A survey of adult citizens in Isfahan, Iran, indicates that almost 80% of respondents did not have sufficient health literacy. Most of the respondents with inadequate health literacy were females with “low financial status” and limited education. This data suggests that an overwhelming number of individuals in developing nations lack satisfactory health education, particularly women. The reason for this is likely issues of gender equality — women lack access to education, essential services and employment opportunities. Furthermore, poverty disproportionately impacts women all over the world.

Taking Action

There are several ways to improve health literacy rates, and therefore, improve global health. It is crucial to educate the population on their health and to empower them to effectively manage their well-being. Several interventions have proven effective. In South Africa, providing individuals with informative yet easy-to-read pamphlets that include graphics is improving health education in the country. Meanwhile, in China, findings determined that “periodic training of health educators is essential for improving health knowledge” among the general public.

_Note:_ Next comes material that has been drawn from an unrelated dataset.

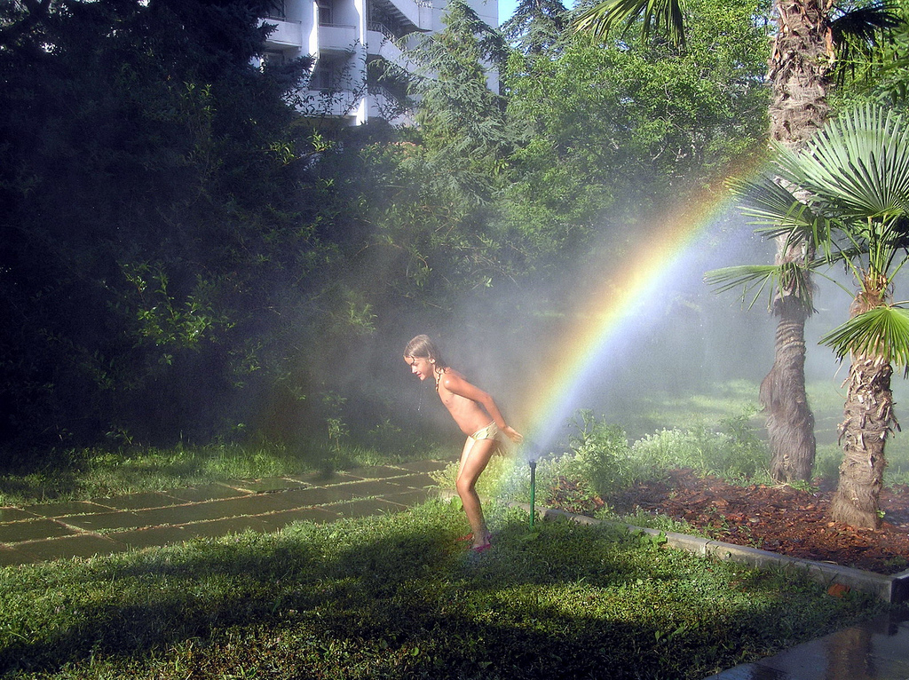 As a child, before my family put a pool in our backyard, my dad would turn the sprinklers on hot, sunny summer days for my sister and me to run through. Barefoot, we would run through the spray of the water, screaming and laughing. When the sun hit the water just right, a rainbow would form through the cold spray, making it feel like magic. Other afternoons in my grandparents’ yard, we would do the same, donning our swimsuits and running through the water as our grandparents looked on, smiling from the back porch. My grandmother had many wind chimes in her backyard garden, and on summer days, such as the one I described, they would always chime, moved by the occasional summer breeze. When I found this picture, it reminded me of childhood and the sounds that come with it, including the sweet wind chimes of my grandma’s garden. Alone, this image is not complicated, but a picture of a child having fun and playing in sprinklers with a beautiful rainbow forming behind. Paired together, this picture of a child playing in the spray of a sprinkler and the nostalgic sound of the wind chimes of my childhood create a bittersweet look at childhood for me. It reminds me of my grandparents’ house, which, after their passing, was sold and is no longer a place I can ever visit again, except in my fond childhood memories. The picture and sound together paint a picture of nostalgia and longing for childhood, something that is long over and only lives in memory.

Media is yet another way to improve health education. In Uganda, “more than one in three used the internet to search for health information.” In Iran, secondary school students cited television as their most helpful source of information on HIV/AIDS. In Israel, “a model of Media Health Literacy (MHL)” showed potential in improving health literacy among younger citizens.

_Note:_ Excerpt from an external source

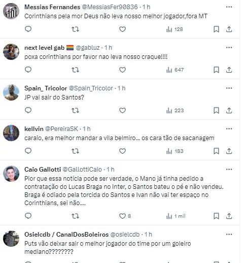 Segundo o jornalista, o Santástico procurou o Corinthians para uma possível contratação do goleiro Ivan, que integra o plantel do rival paulista, mas disputou a última temporada emprestado ao Vasco da Gama.

Across Asia, the Asian Health Literacy Association (AHLA) works to understand and improve health literacy rates. This organization aims to raise awareness of this issue “among researchers, officials, healthcare organizations as well as experts in health and education, corporations and media” in order to formulate effective interventions to improve these rates in Asia. AHLA sees this as an essential  part of improving the quality of healthcare “and reducing health disparities between communities, groups and nations.” Ultimately, the AHLA aims to improve global health, starting with Asia.

Moving Forward

Increasing health literacy rates in developing countries is an effective way to improve global health and eliminate inequalities. Through education programs, improved communication and dedicated organizations,  these rates can improve. By educating individuals on matters of health, people all over the world can live an improved quality of life.